The United States in South Asia: The Afghanistan Factor

31 July 2018 Lindsay Hughes, Research Analyst, Indian Ocean Research Programme Download PDF

Key Points

  • Afghanistan and the US share a relationship that dates back to the early 1920s.
  • That relationship, however, has been predicated upon providing advantage to the US.
  • The US has used Afghanistan for its own ends time and again.
  • This situation obtains at the present time and is likely to continue in the future.


Modern Afghanistan’s history began in the eighteenth century when several Afghan tribes came together during the reign of Ahmed Shah Durrani. Afghanistan, in its modern form, was created with the signing of the Treaty of Rawalpindi in August 1919 and ruled by Emir (King) Amanullah Khan.

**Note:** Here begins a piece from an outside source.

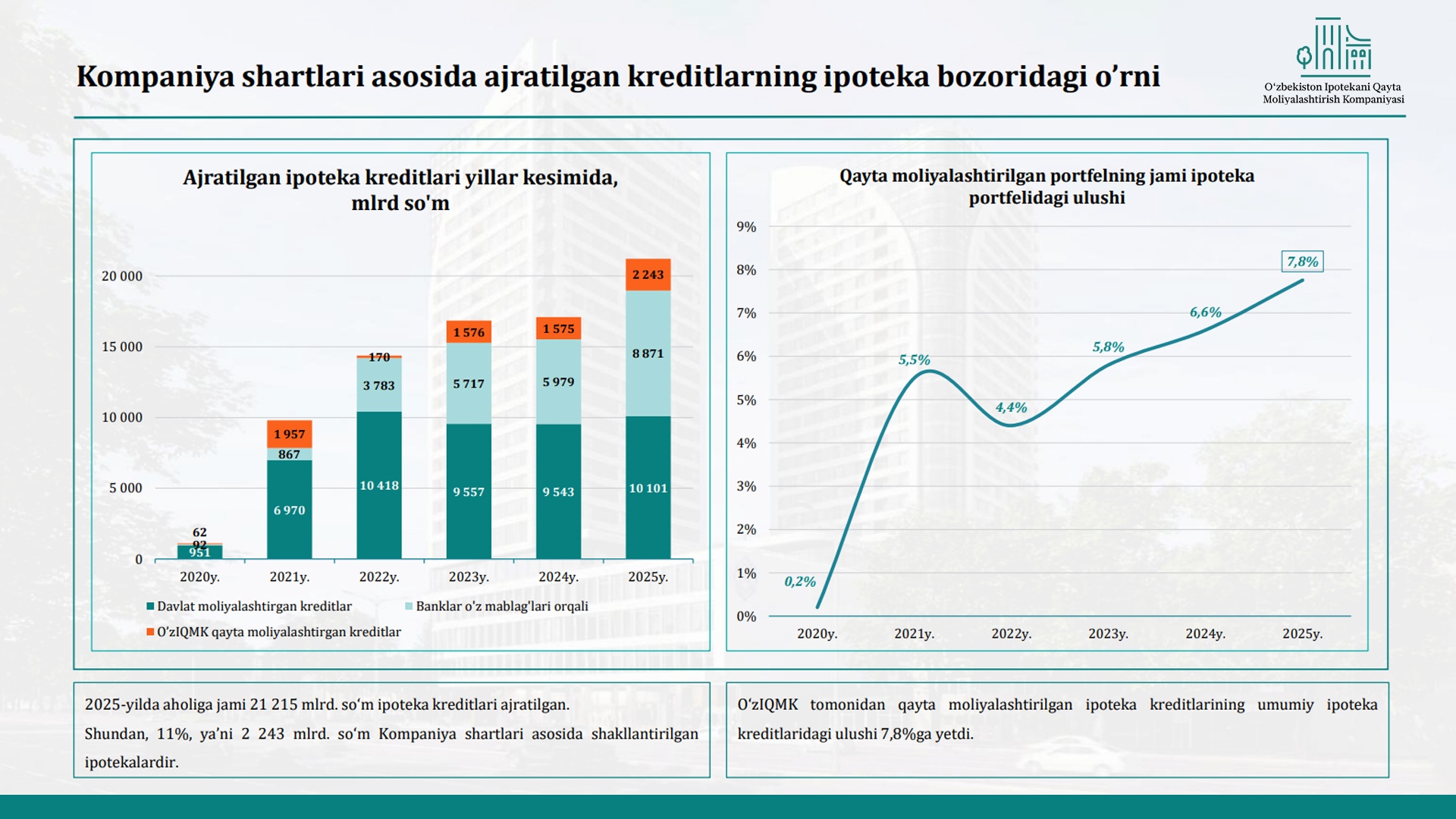 2020–2025 yillar davomida ipoteka bozori barqaror o‘sishni namoyon etdi. Ayniqsa, Kompaniya shartlari asosida shakllantirilgan kreditlar ulushi yildan-yilga ortib bormoqda.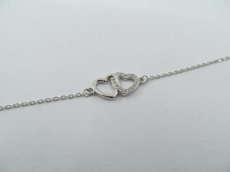 Stříbrný rhodiovaný dětský náramek se srdíčky, zirkony, délka 12+3 cm

In 1921, the Emir sent a delegation led by General Mohammed Wali Khan on a tour of Western countries to solicit diplomatic recognition for his newly-formed country. The Emir, opportunistic and ambitious but, most of all, progressive, had spent many years touring around Europe and was fascinated by the social, political and economic developments in the countries that he visited. The delegation returned with a letter of greetings from President Warren G. Harding of the United States. More importantly, the US recognised the sovereign state of Afghanistan in that letter; most probably because Washington recognised Afghanistan’s strategically significant location at the crossroads of Asia. The subsequent exchange of official missions and correspondence led to full diplomatic relations being established between the two countries in 1934. President Roosevelt appointed William Hornibrook as the first US Envoy to Afghanistan in 1935 and, in 1943, King Zahir Shah appointed Abdul Hussein Aziz as the first Afghan Ambassador to the US.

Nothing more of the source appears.